Edmund Calamy the Younger, an ejected minister, gathered a congregation from 1672 at Curriers' Hall. After his death in 1685, it moved to Jewin Street in 1692, and, expanding, under John Shower, had a purpose-built meeting-house constructed nearby in Old Jewry. This structure, opened in around 1701, gave the congregation its name for over a century.[1][2]

New building

Old Jewry Chapel in Jewin Street, 1808–1846

In 1808 the meeting-house was rebuilt in Jewin Street, on a site almost opposite the one it had occupied between 1692 and 1701,[1] for Abraham Rees as minister. (It was distinct from the Jewin Street Chapel, an Independent congregation, also known as "Woodgate's Meeting-House" after the previous minister; at the time the minister there was Timothy Priestley.[3][4] See also the Jewin Welsh Presbyterian Chapel, which had premises on that street.)
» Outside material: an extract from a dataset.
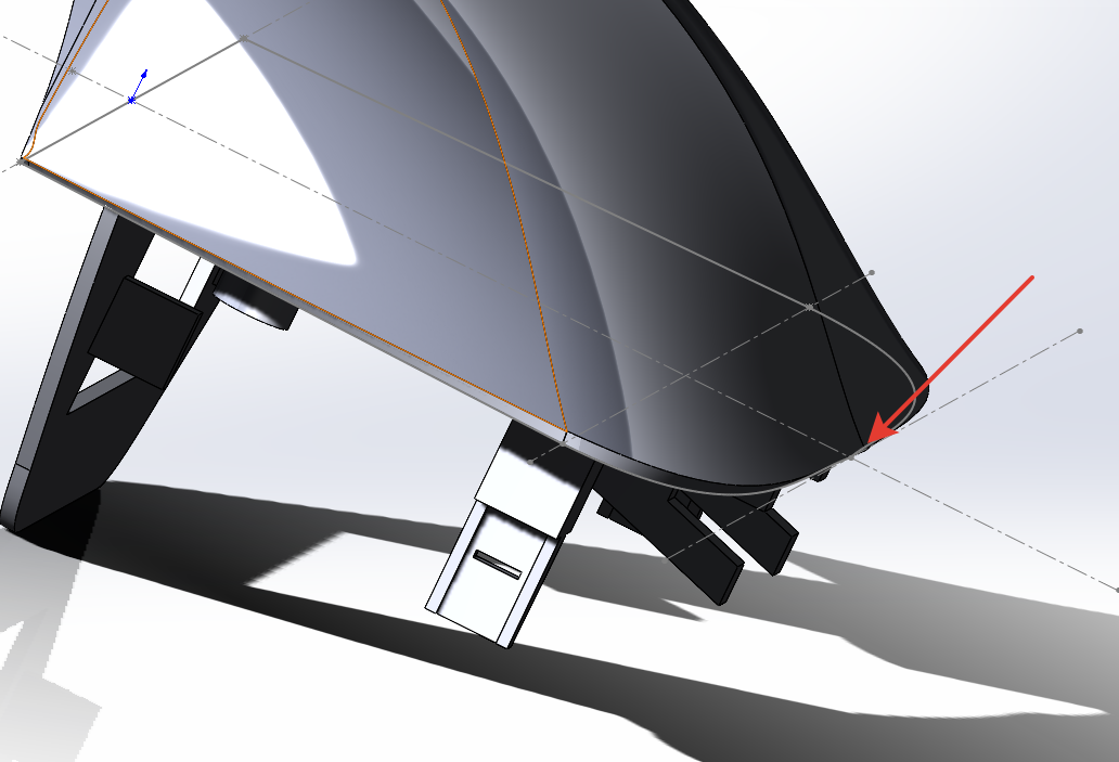 Модель в этом месте не бьет , надо скажем так сместить эту точку - "нарастить козырек" назад на мм 3 и вверх на мм 3. Именно это часть торпеды скажем так не на плоскости и выше

The move came about because of the imminent end of the lease in Old Jewry, in 1810. The architect of the new chapel was Edmund Aikin. The old brick meeting-house was knocked down, to make way for the "New Bank Buildings", designed by Sir John Soane.[5][6]
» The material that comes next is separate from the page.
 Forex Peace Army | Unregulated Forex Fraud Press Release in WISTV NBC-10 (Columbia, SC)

A decline in the congregation caused the closure of the chapel in 1840. It passed from Presbyterian control in 1841. The new Methodist tenants demolished the chapel in 1846, rebuilding it in a Gothic style in 1847.[4]

Ministers

Notes

  1. ^ a b c Walter Wilson (1809). The History and Antiquities of Dissenting Churches and Meeting Houses, in London, Westminster, and Southwark. Printed for the author. pp. 302–4.
  2. ^ Mercer, M. J. "Shower, John". Oxford Dictionary of National Biography (online ed.). Oxford University Press. doi:10.1093/ref:odnb/25472. (Subscription or UK public library membership required.)
  3. ^ John Britton; Edward Wedlake Brayley; James Norris Brewer; Joseph Nightingale; John Evans; John Hodgson; Francis Charles Laird; Frederic Shoberl; John Bigland; Thomas Rees; Thomas Hood; John Harris (1815). The Beauties of England and Wales. Printed by Thomas Maiden, for Vernor and Hood [and 6 others]. pp. 342–3.
  4. ^ a b John James Baddeley, Cripplegate, one of the twenty-six wards of the City of London (1921) pp. 278–9; archive.org.
  5. ^ Howard Colvin (1978). A Biographical Dictionary of British Architects 1600–1840. John Murray. p. 60. ISBN 0-7195-3328-7.
  6. ^ Sir John Soane's Museum Drawings, London: New Bank Buildings, Princes Street, City of London, 1807-10 (115).
  7. ^ a b c d e f g h i j k Walter Wilson (1809). The History and Antiquities of Dissenting Churches and Meeting Houses, in London, Westminster, and Southwark. Printed for the author. p. 306.
  8. ^ Clarke Huston Irwin, A History of Presbyterianism in Dublin and the south and west of Ireland (1890) p. 309; archive.org.
  9. ^ Godfrey Holden Pike (1870). Ancient Meeting-houses: or, Memorial pictures of Non-conformity in old London. S. W. Partridge & co. p. 157.
  10. ^ Robert Aspland (1840). The Christian reformer; or, Unitarian magazine and review [ed. by R. Aspland]. p. 124.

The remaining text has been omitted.